Task goal. This exercise calls for an exact copy of the listing, with no pictures kept.

Recorded data.
++++++++++++++++++++
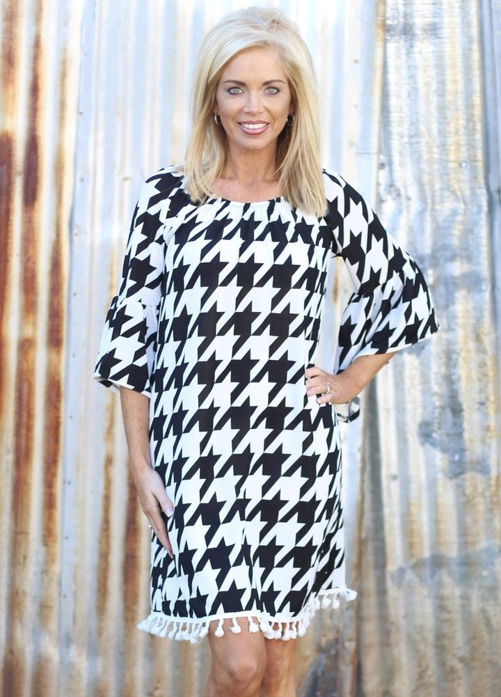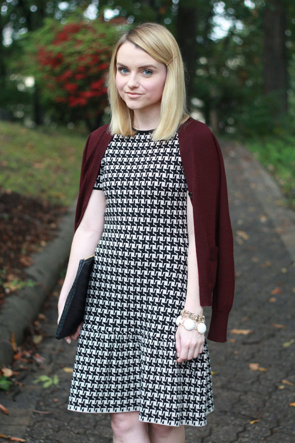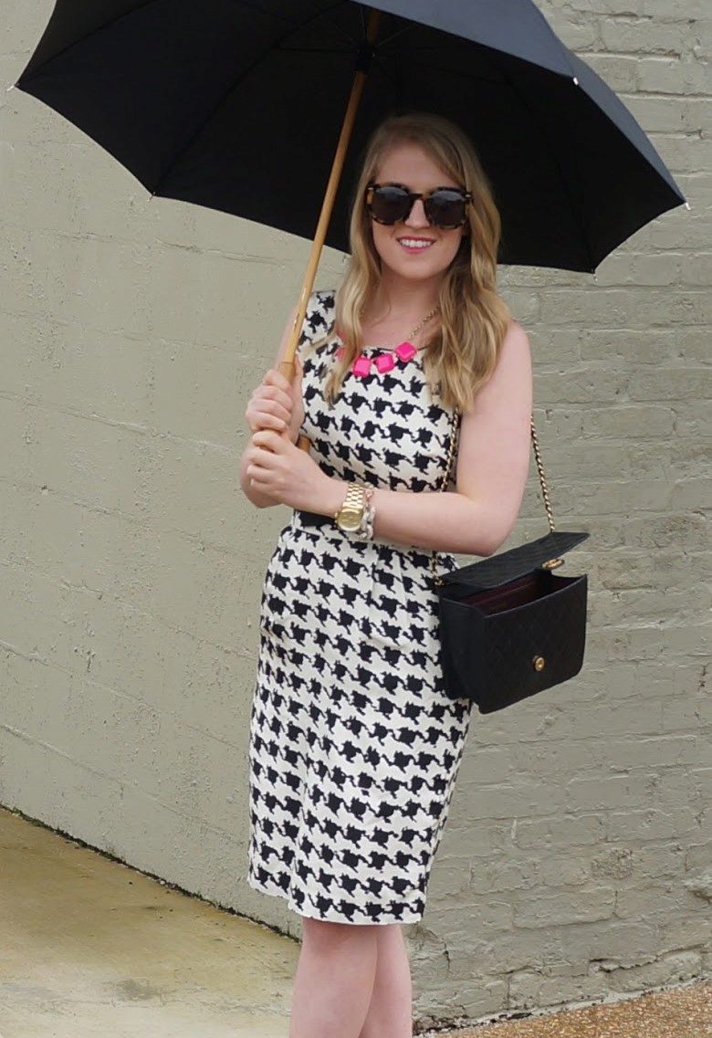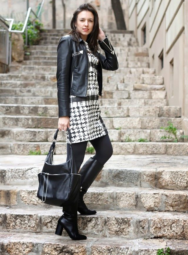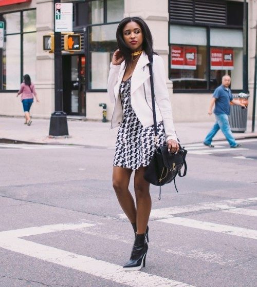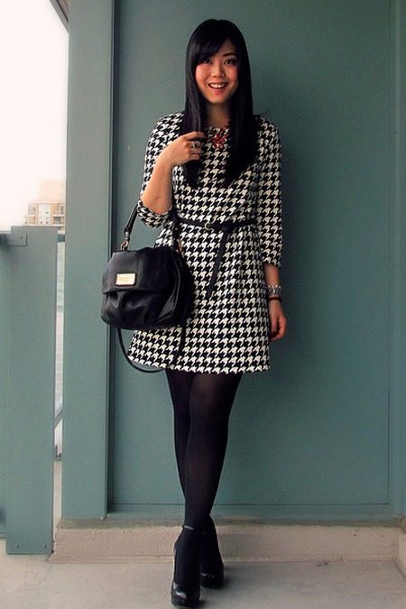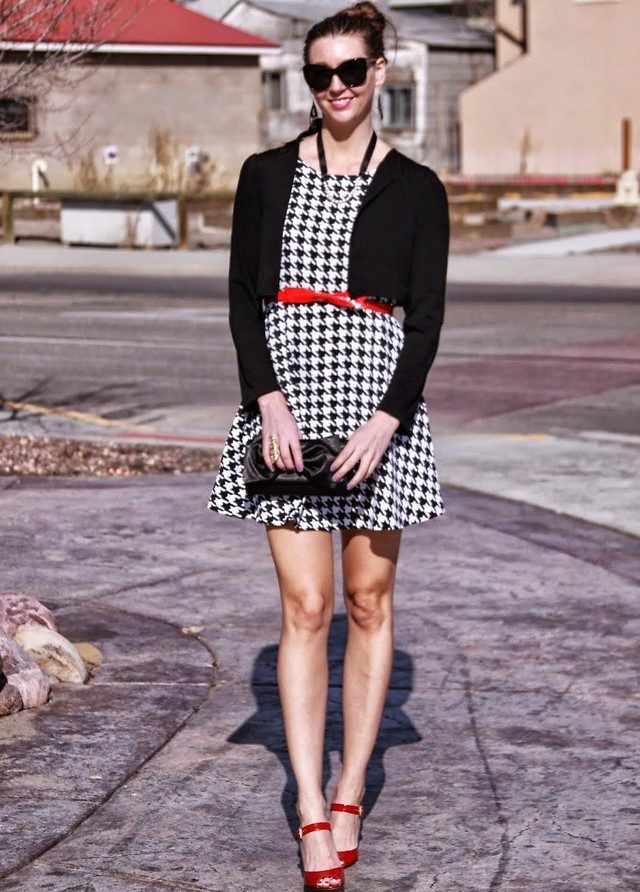 Large accessories in bright colors, for example, red or orange, are successfully combined with a black and white houndstooth dress. Also, along with this, you can pick up white or black accessories.
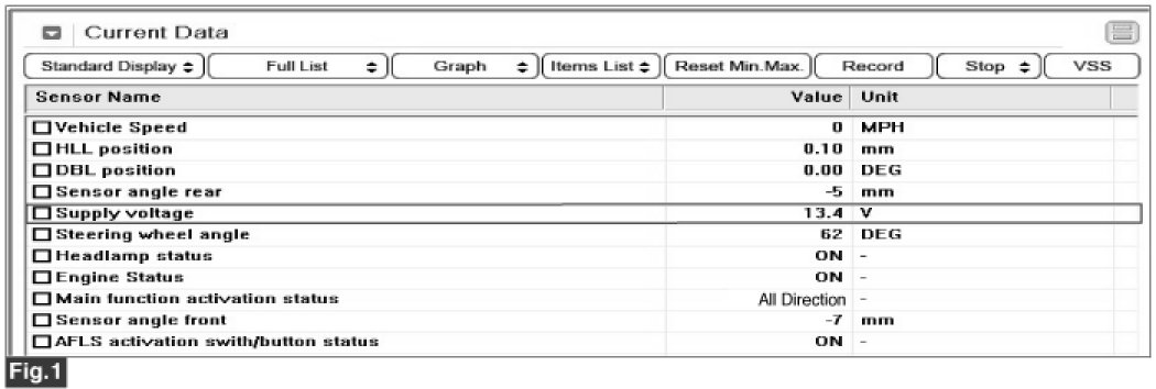 Adaptive Front Lighting System - B1102 Battery Voltage Low - Scantool Diagnostics
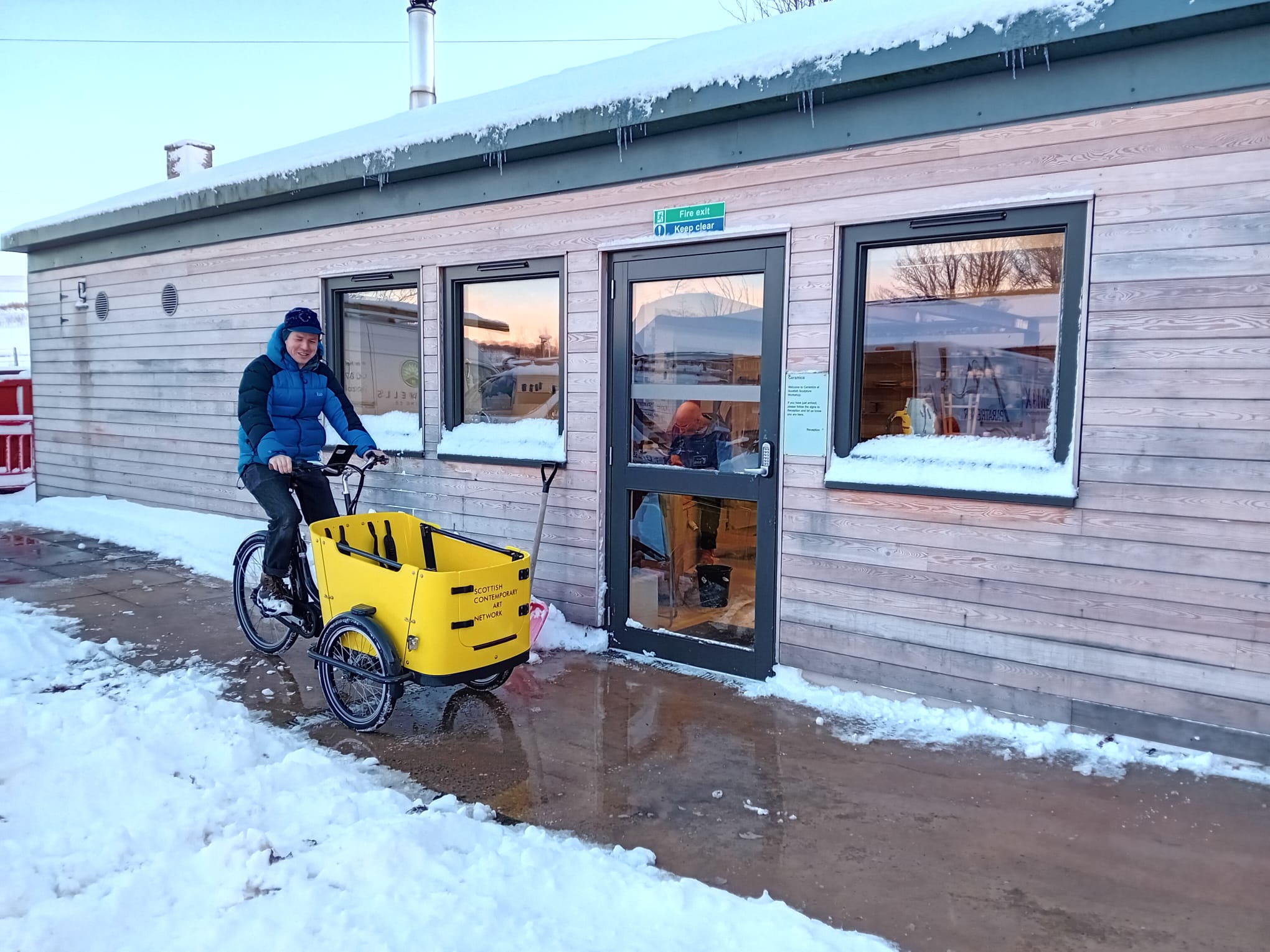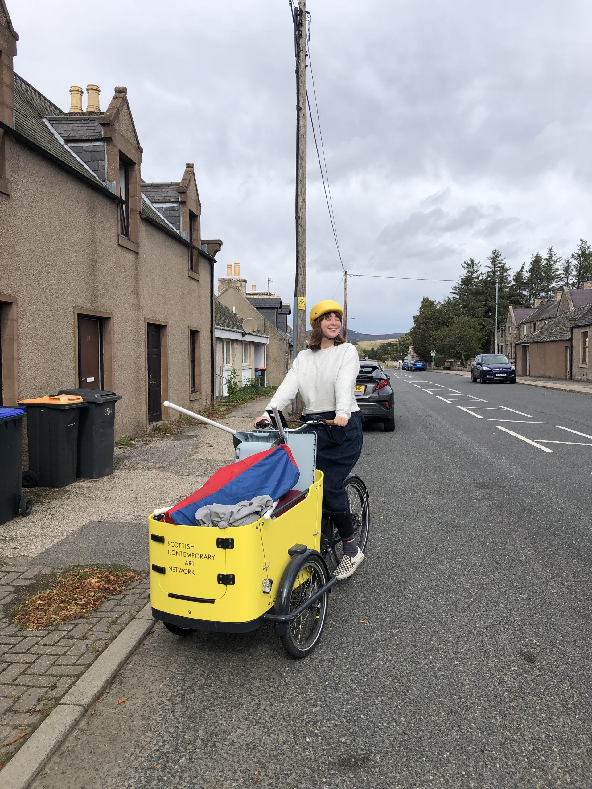 It has been 18 months since Scottish Contemporary Art Network (SCAN) provided us with one of their e-cargo bikes, giving our staff team, artists, and local community an easy, emission-free way to travel and transport items around the village.
++++++++++++++++++++
Solution to this exercise.
 Large accessories in bright colors, for example, red or orange, are successfully combined with a black and white houndstooth dress. Also, along with this, you can pick up white or black accessories.
 Adaptive Front Lighting System - B1102 Battery Voltage Low - Scantool Diagnostics
 It has been 18 months since Scottish Contemporary Art Network (SCAN) provided us with one of their e-cargo bikes, giving our staff team, artists, and local community an easy, emission-free way to travel and transport items around the village.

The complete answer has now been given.